Before we dive further into this condition, what is enterocolitis? This condition results in inflammation of the small intestine (enteritis), as well as the large intestine (colitis). The digestive system can develop issues that directly affect the small and large intestine. Bowel problems such as Crohn’s disease and irritable bowel syndrome (IBS) have a link to the condition.

Types of Enterocolitis

Necrotizing enterocolitis (NEC) and enterocolitis due to Clostridium difficile (C. diff colitis) are the two common types of this condition we will discuss.

1. Necrotizing Enterocolitis

This form of the disease exists when the wall lining of the intestines become damaged to the point where it begins to die. As it becomes inflamed, the intestine itself can also be affected as the walls thin. If a hole develops, any harmful bacteria located in the intestine may move into the abdomen and result in an infection.

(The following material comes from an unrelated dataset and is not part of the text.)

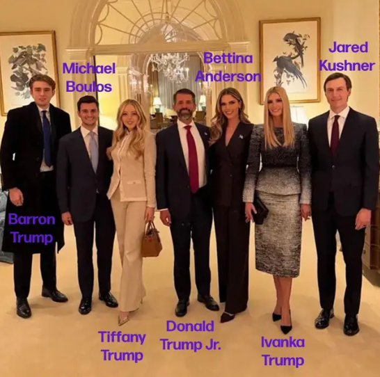 Also featured in the picture were Jared Kushner, Ivankaโ€™s husband and a former advisor to Trump, Bettina Anderson, Donald Jr.โ€™s girlfriend, and Michael Boulos, Tiffanyโ€™s husband.

This condition presents within the first two weeks of life. More than 60% of all cases happen in preemies, with some cases developing in low-birthweight newborns. Other conditions that can put babies at risk include formula-feeding babies, those in daycare centers, and infants receiving blood transfusions.

2. Clostridium Difficile Colitis

Better known as C. difficile, this condition involves bacteria invading the large intestine, resulting in irritation and inflammation, or colitis. It results in fever, cramps, and diarrhea.

This form is often referred to as pseudomembranous enterocolitis, and it may be the result of antibiotic use. It also may be contracted through an infected person. Clostridium difficile colitis commonly occurs in elderly patients in nursing homes and hospitals. It can also be present in those receiving chemotherapy treatments.

Enterocolitis Causes

Enterocolitis falls under different classifications of causes. The more common cases involve bacteria such as E. coli, Salmonella, and Shigella. It also includes viruses such as adenoviruses, enteroviruses, and rotaviruses. Other infections may involve amebic dysentery, giardiasis, and candidiasis.

Other causes can also include:

  • A weakened immune system
  • Frequent use of antibiotics
  • Exposure to contaminated food and water
  • Poor sanitation
  • Improper food handling and preparation
  • Contact with an enterocolitis-infected person
  • Exposure to chemical or toxins
  • Radiation or chemotherapy treatment
  • The use of herbal supplements
  • An allergic reaction to food

Enterocolitis Symptoms

An inflamed small or large intestine can cause varying degrees of symptoms such as abnormal swelling, fever, nausea, vomiting, loss of appetite, lethargy, diarrhea, and bloody stools. Preemies and infants with necrotizing enterocolitis may experience difficulty with feeding and experience symptoms the following symptoms:

Further complications may result in the discoloration of the abdomen as the intestine begins to weaken and tear.

Enterocolitis Diagnosis

A medical assessment by your physician will include a complete medical history, compilation of symptoms, and a physical examination. Further testing may include a complete blood count test, urine and stool samples, inflammatory marker tests, abdominal x-rays, an ultrasound, a computerized tomography (CT) scan, a colonoscopy, or a barium enema.

Enterocolitis Treatments

With the possible risks involved in treating this condition, treatment will vary based on the symptoms, the age of the patient, and severity of the disease. Most cases may be treated with bowel rest, nasogastric suction, intravenous fluids, antibiotics, anti-diarrheal medications, and blood and platelet transfusions. These procedures are usually performed in the intensive care unit at a hospital for close monitoring.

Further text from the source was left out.